Yamazaki M, Yasui K, Kawai H, Miyagawa Y, Komiyama A, Akabane T
Am J Dis Child. 1984 Feb;138(2):192-6. doi: 10.1001/archpedi.1984.02140400074018.
Immunologic studies were performed on siblings (a 9-year-old boy and an 11-year-old girl) with chronic candidiasis since infancy and showed defective monocyte functions. In vivo migration and in vitro mobility of the monocytes were impaired. In addition, they had defective phagocytosis-killing ability against Candida albicans. There was no factor(s) to inhibit the monocyte functions in the patients' serum, and their mononuclear cells (75% to 80% lymphocytes) did not secrete such an inhibitory factor(s) in vitro. The serum IgG, IgA, IgM, and C3 levels were normal. Delayed hypersensitivity responses to five antigens, including Candida antigen, were absent in the two patients. In vitro T-lymphocyte functions, such as Candida antigen- or mitogen-induced blastogenesis and lymphokine (leukocyte migration inhibitory factor and leukocyte-derived chemotactic factor) production, were normal. The clinical features of our patients were similar to those with chronic mucocutaneous candidiasis (CMC); however, their primary immunologic defect was, unlike that of CMC, in monocytes, but not in T lymphocytes. These results demonstrated a monocyte disorder with defective mobility and phagocytosis-killing ability that contributed to chronic candidiasis.

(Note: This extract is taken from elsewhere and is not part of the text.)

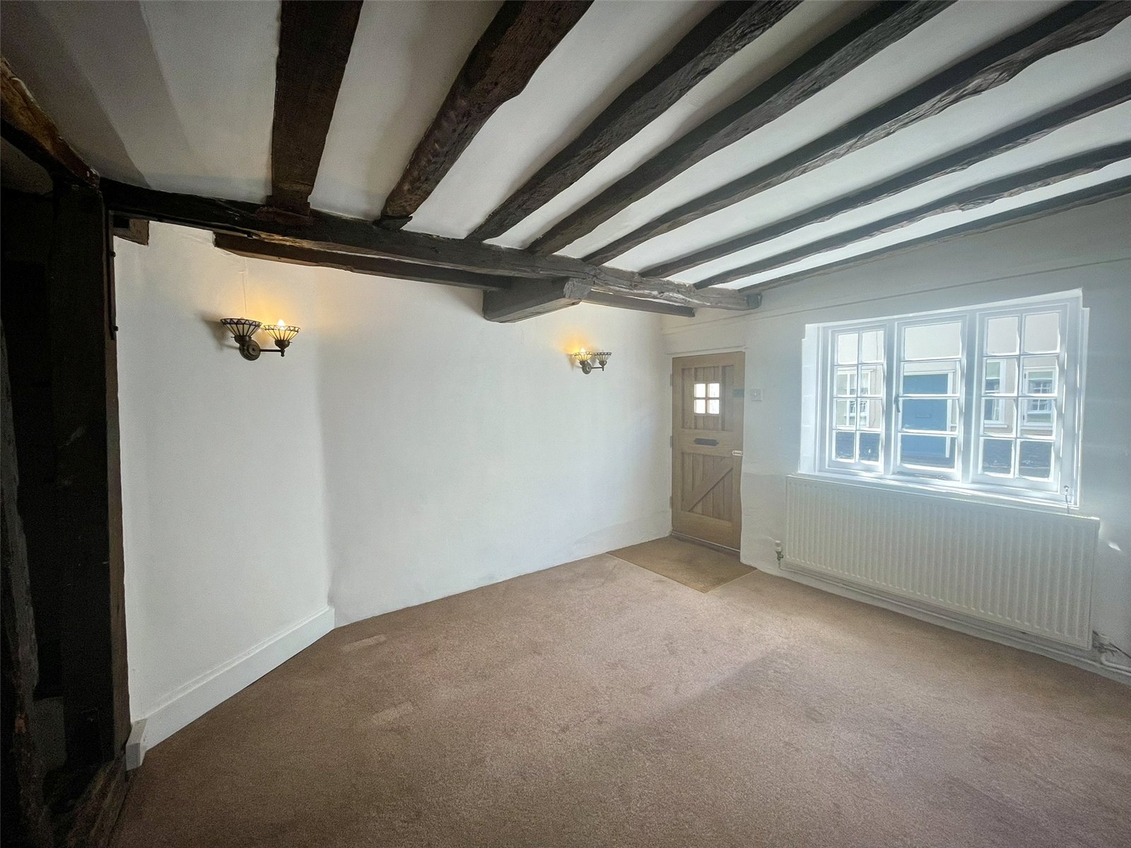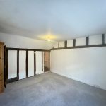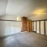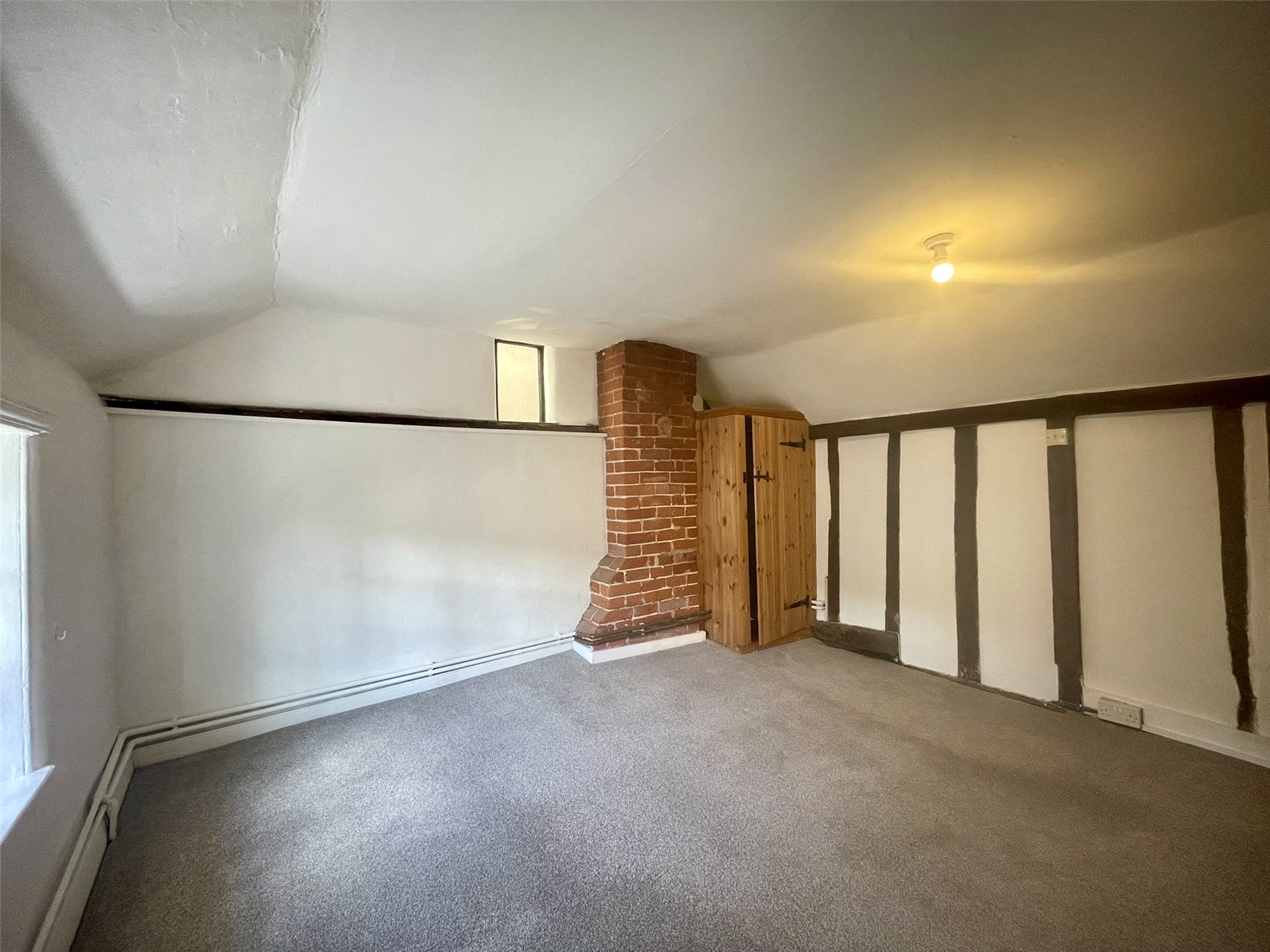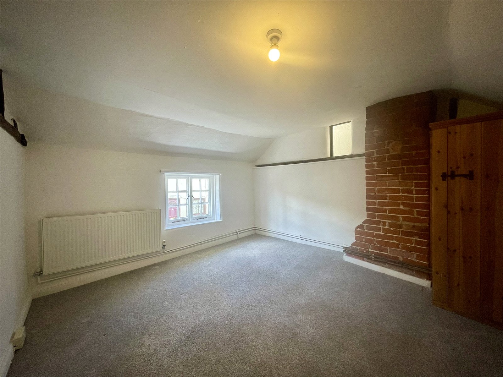 A second double room, this time at the front of the cottage and with window to the street. Built-in wardrobe cupboard to the side of the red brick chimneybreast and further, smaller window, to the side. Radiator with thermostatic valve.

对自婴儿期起就患有慢性念珠菌病的一对姐弟(一名9岁男孩和一名11岁女孩)进行了免疫学研究,结果显示单核细胞功能存在缺陷。单核细胞的体内迁移和体外运动能力受损。此外,他们对白色念珠菌的吞噬杀伤能力存在缺陷。患者血清中不存在抑制单核细胞功能的因子,并且他们的单核细胞(75%至80%为淋巴细胞)在体外不分泌此类抑制因子。血清IgG、IgA、IgM和C3水平正常。这两名患者对包括念珠菌抗原在内的五种抗原均无迟发型超敏反应。体外T淋巴细胞功能,如念珠菌抗原或丝裂原诱导的细胞增殖和淋巴因子(白细胞迁移抑制因子和白细胞衍生趋化因子)产生,均正常。我们患者的临床特征与慢性黏膜皮肤念珠菌病(CMC)患者相似;然而,与CMC不同的是,他们主要的免疫缺陷在于单核细胞,而非T淋巴细胞。这些结果表明存在一种单核细胞疾病,其迁移和吞噬杀伤能力存在缺陷,这导致了慢性念珠菌病。